Once we’d fixed the configuration to save all weblog events, we compared the last crawled time in the Google Search Console API data with the weblog data to confirm they matched—which they did. Following this, we carried out random spot checks to ensure all data matched correctly. 

 

Google Search Console ‘Coverage State’
In order to measure and observe how frequently the Googlebot crawled the sample URLs—and how quickly they were removed from the index—we were pulling the ‘CoverageState’ of each URL from GSC.

We had anticipated that these URLs, once removed from the index, would be labelled ‘crawled, currently not indexed’ or similar. 
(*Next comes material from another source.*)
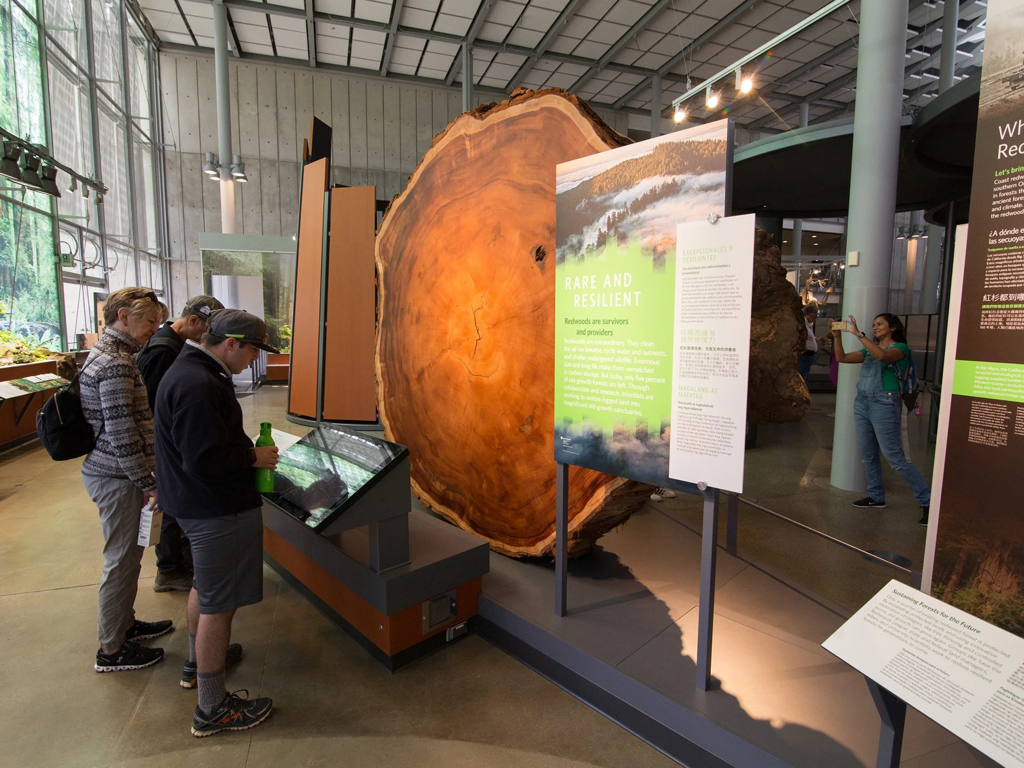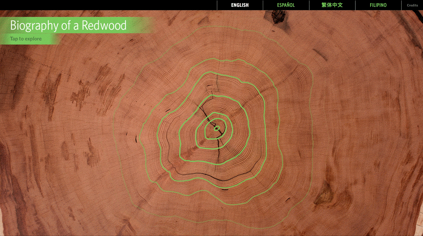 Touchscreen to learn more about a 6 foot wide redwood tree segment. Visitors could explore what was happening in the world during the nearly 700 years the tree was alive, as well as view specifics about what happened to this tree.

However, a few days into the experiment we discovered the removed URLs were showing ‘Not Found (404)’ regardless of their response codes—and didn’t tell us whether they were still indexed or not. 

A manual check with a site command showed that the URLs marked as a 404 error were still in the index—meaning the API wasn’t going to tell us if they’d been removed. 

With this in mind, we decided to focus the entirety of the experiment on the crawl frequency instead. 

 

Results

We observed the test sites for more than three months before it became apparent that we had more than enough data to show how frequently the URLs were being crawled to draw insights. 

We passed this over to our data team lead, Ali Hassan, who found that the data does show that 404 URLs are crawled more frequently than 410s. 

An analysis of the Google Search Console API data looking at our sample of 119 test web pages shows that 404's are, on average, crawled 49.6% more often than 410s."

To be certain, we then broke down the sample results by internal link counts. 

Ali added: 

"This trend is also consistent amongst strata of our sample grouped on the basis of internal backlink counts. A T-test confirms the statistical significance of our overall results to within 95% confidence.

While both analyses confirm our initial hypothesis, the latter lacks sufficient sample sizes for conclusive results to be ascertained for each stratum. The overall trend, however, is indicative.”

Director of SEO at Shopify, Kevin Indig, took an early look at the write up and results and shared his thoughts:

"410 are treated like 301s and 404 like 302s. It makes sense that 404s are more often recrawled by Google because Google expects that the 404 turns into a 200 or 410 again."

 

Summary

Although it was a challenging experiment to run, the unforeseen obstacles that occurred will help us better plan our methodologies for future experiments. 

A 49.6% difference in crawling the 404 URLs and the 410 ones is both interesting and conclusive, suggesting that if you want Google to recrawl a removed URL as infrequently as possible, you should set a 410 response code.